Materials and methods
A total of 16 dairy herds interested in quarter-selective dry cow therapy voluntarily participated in the study. Farms varied in herd size, ranging from 79 to 1,280 cows, and breed, with German Holstein dominating (for details see Beckmann A., K. Barth and K. Knappstein, accepted). Eleven farms milked in a parlour and 2 farms in a rotary, while 2 farms used an automatic milking system and one farm used both a parlour and an automatic milking system.

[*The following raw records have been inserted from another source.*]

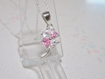 - ★可愛いピンク・ホワイトの四つ葉のクローバー・シルバーネックレス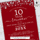 Invitation à la réunion de classe moderne et élégante pour toute année de réunion (montré pour 10 ans) avec étoiles et lumières argentées, typographie manuscrite élégante et un arrière - plan de couleur personnalisé (montré en rouge) vous pouvez changer à votre couleur d'école ou de thème de fête. Tout le texte est modifiable pour créer le vôtre. Cette invitation est également disponible en téléchargement de fichier numérique pour partager numériquement ou en ligne. ASSISTANCE : Pour obtenir de l'aide sur la modification ou la personnalisation de la conception, le changement de couleur, le redimensionnement, le transfert de la conception à un autre produit ou pour coordonner des éléments, contactez le concepteur AVANT LA COMMANDE via l'onglet MESSAGE Conversation Zazzle ci-dessous ou envoyez un courriel à makeitaboutyoustore@gmail.com.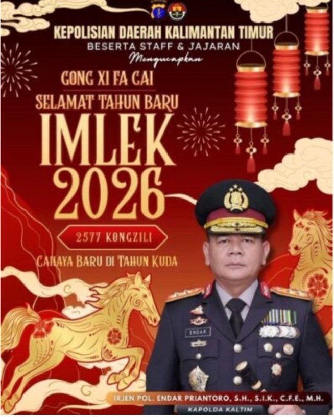 Ciwintara.id, Balikpapan – Menyambut perayaan Tahun Baru Imlek 2577 Kongzili (Imlek 2026), Kepolisian Daerah Kalimantan Timur menyampaikan ucapan selamat kepada masyarakat yang merayakan, khususnya warga Tionghoa di wilayah Kalimantan Timur. Momentum tersebut turut dimaknai sebagai ajang memperkuat kebersamaan dalam kehidupan bermasyarakat.
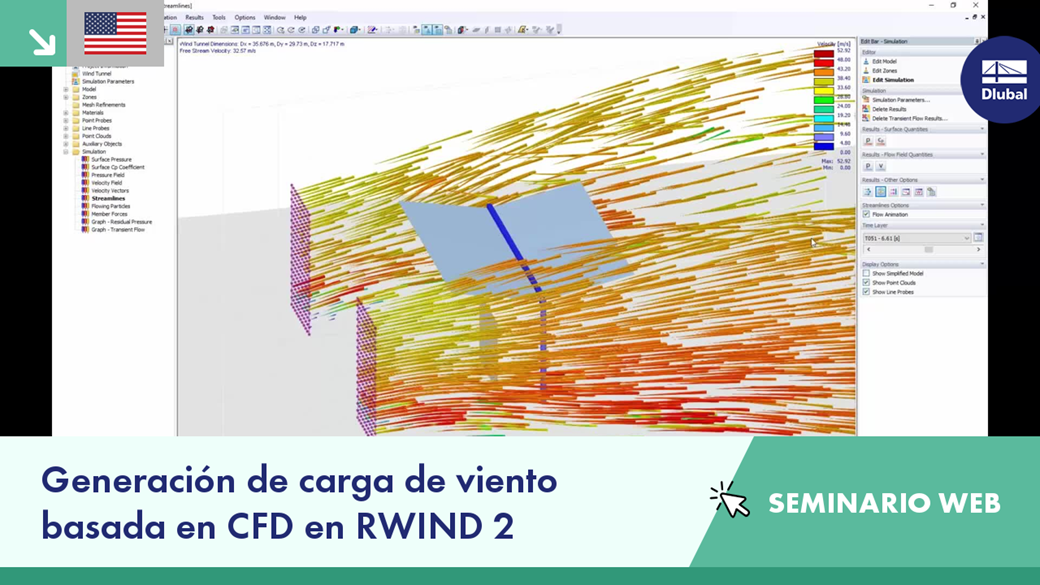 Simulación de viento en el túnel de viento digital en RWIND 2

Quarter milk samples of approximately 75 cows per farm were collected at two different time points (a) at a single sampling day during lactation (random sampling) and (b) two weeks prior to drying off (dry-off sampling). The random sampling was conducted between October 2020 and June 2021, with one of the farms examined in January 2022. Milk samples were collected by technicians and the research team once from randomly selected cows in each herd, regardless of lactation number, stage of lactation or udder diseases. Sterile 10 mL test tubes were used, only containing boric acid (final concentration 0.5%) if overnight transport was necessary. In milking parlours and rotaries, sampling was performed throughout one milking time. On farmswith automatic milking, cows were sampled independently from the milking procedure, either confined to the feed fence or standing in the cubicles. The sampling before dry-off was conducted during a time period of 5 to 18 months per farm, with a time lag between the random sampling and the start of dry-off sampling of 1 to 5 months per farm. Dry-off samples were collected two weeks prior to the scheduled dry-off date by trained farm personnel. As these samples were mailed, the sterile 12 mL vials contained boric acid. Resulting of the different sampling approaches, it was possible that cows were sampled twice, at the random sampling approach and the dry-off sampling approach (ranging from 8.9% to 87.7% of cows sampled twice per farm), or only at one of the two sampling time points.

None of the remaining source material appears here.